> TO DO
Type the listing below out again exactly. No images.

> STORED DATA
========
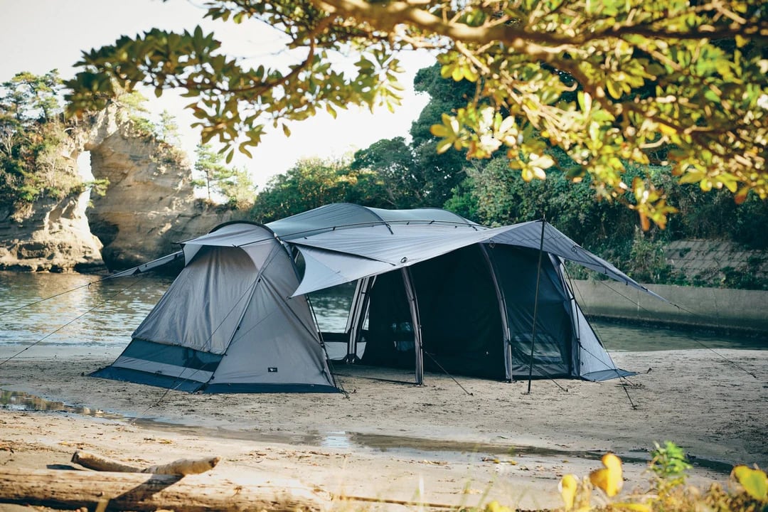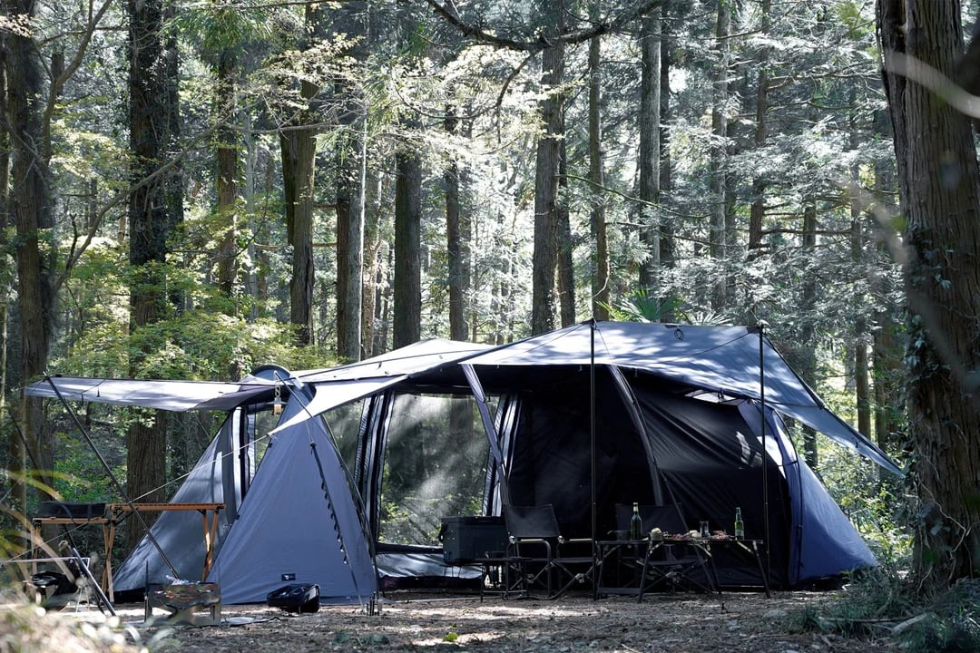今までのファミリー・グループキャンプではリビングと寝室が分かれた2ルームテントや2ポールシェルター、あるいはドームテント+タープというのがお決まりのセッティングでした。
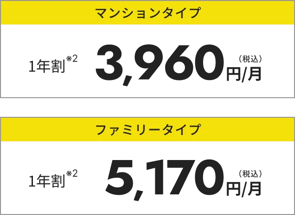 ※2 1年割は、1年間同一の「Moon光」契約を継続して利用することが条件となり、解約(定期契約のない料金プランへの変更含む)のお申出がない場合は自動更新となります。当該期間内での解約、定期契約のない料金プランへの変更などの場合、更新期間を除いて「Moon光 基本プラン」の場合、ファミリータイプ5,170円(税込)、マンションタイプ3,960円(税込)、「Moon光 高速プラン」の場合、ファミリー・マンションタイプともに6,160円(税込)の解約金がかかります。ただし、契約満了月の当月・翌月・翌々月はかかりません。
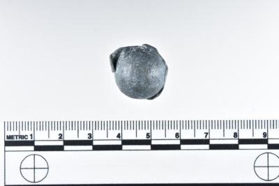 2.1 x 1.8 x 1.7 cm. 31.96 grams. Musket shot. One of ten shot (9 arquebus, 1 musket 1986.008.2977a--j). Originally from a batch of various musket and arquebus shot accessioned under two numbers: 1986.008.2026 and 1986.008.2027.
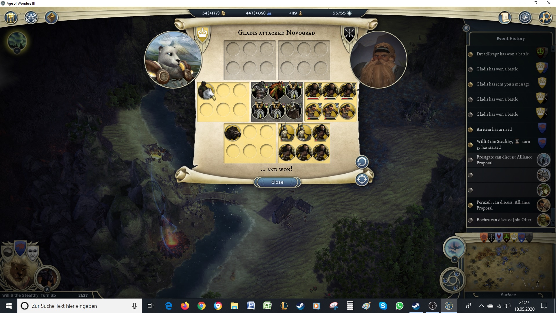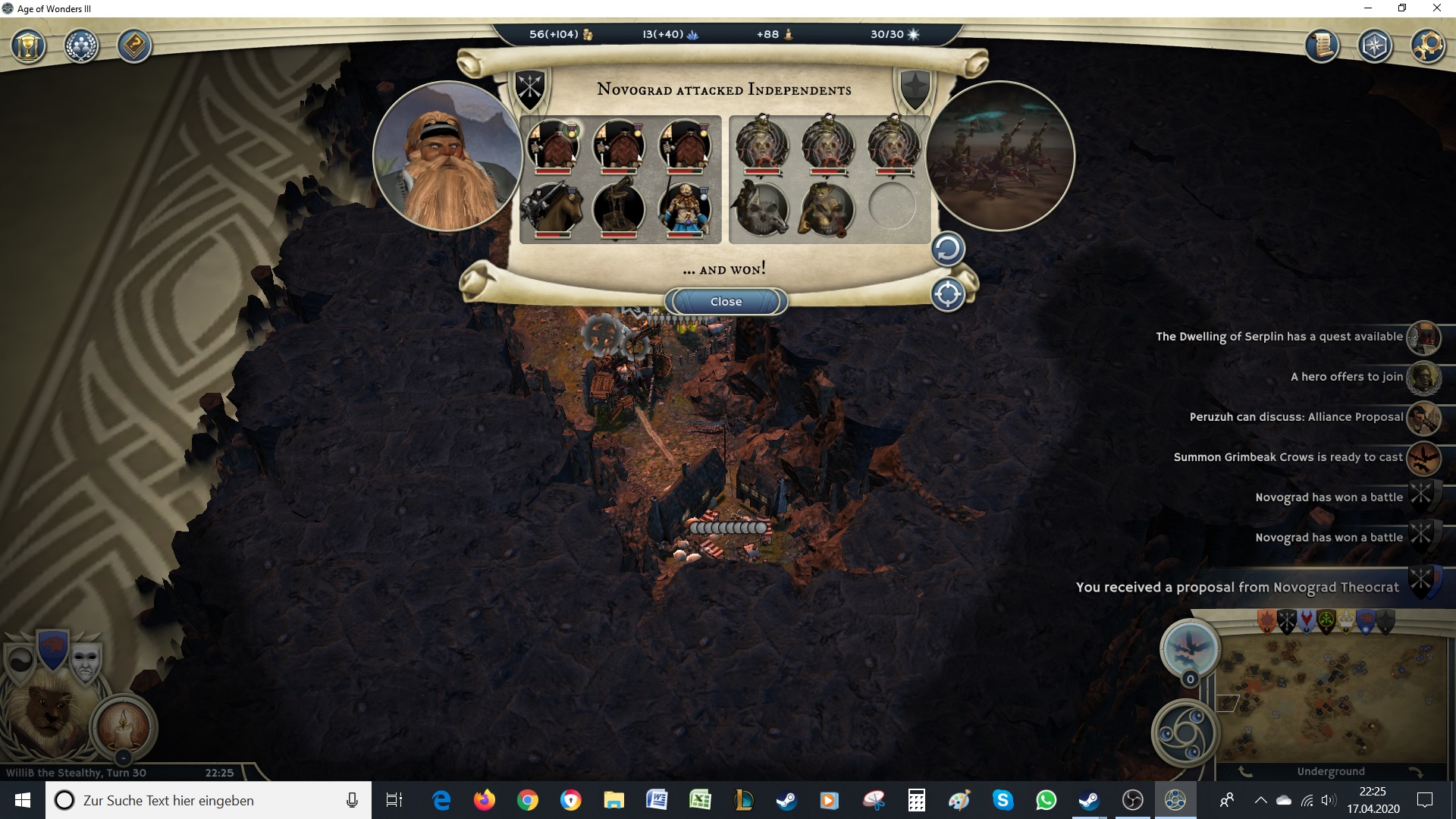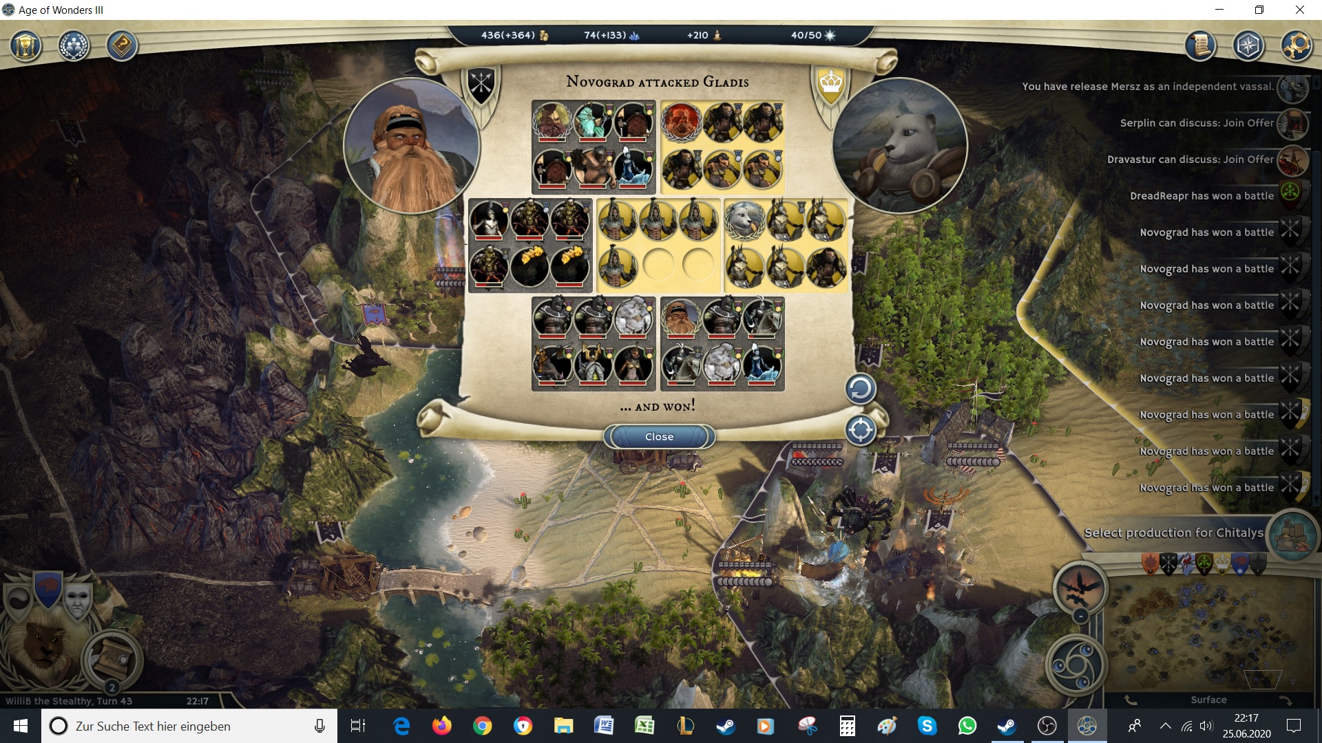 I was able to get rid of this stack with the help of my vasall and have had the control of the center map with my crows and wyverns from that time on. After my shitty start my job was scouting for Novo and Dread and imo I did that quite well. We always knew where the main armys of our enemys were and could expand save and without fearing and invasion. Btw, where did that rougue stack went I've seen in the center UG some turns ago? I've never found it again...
========
> TASK ANSWER
今までのファミリー・グループキャンプではリビングと寝室が分かれた2ルームテントや2ポールシェルター、あるいはドームテント+タープというのがお決まりのセッティングでした。
 ※2 1年割は、1年間同一の「Moon光」契約を継続して利用することが条件となり、解約(定期契約のない料金プランへの変更含む)のお申出がない場合は自動更新となります。当該期間内での解約、定期契約のない料金プランへの変更などの場合、更新期間を除いて「Moon光 基本プラン」の場合、ファミリータイプ5,170円(税込)、マンションタイプ3,960円(税込)、「Moon光 高速プラン」の場合、ファミリー・マンションタイプともに6,160円(税込)の解約金がかかります。ただし、契約満了月の当月・翌月・翌々月はかかりません。
 2.1 x 1.8 x 1.7 cm. 31.96 grams. Musket shot. One of ten shot (9 arquebus, 1 musket 1986.008.2977a--j). Originally from a batch of various musket and arquebus shot accessioned under two numbers: 1986.008.2026 and 1986.008.2027.
 I was able to get rid of this stack with the help of my vasall and have had the control of the center map with my crows and wyverns from that time on. After my shitty start my job was scouting for Novo and Dread and imo I did that quite well. We always knew where the main armys of our enemys were and could expand save and without fearing and invasion. Btw, where did that rougue stack went I've seen in the center UG some turns ago? I've never found it again...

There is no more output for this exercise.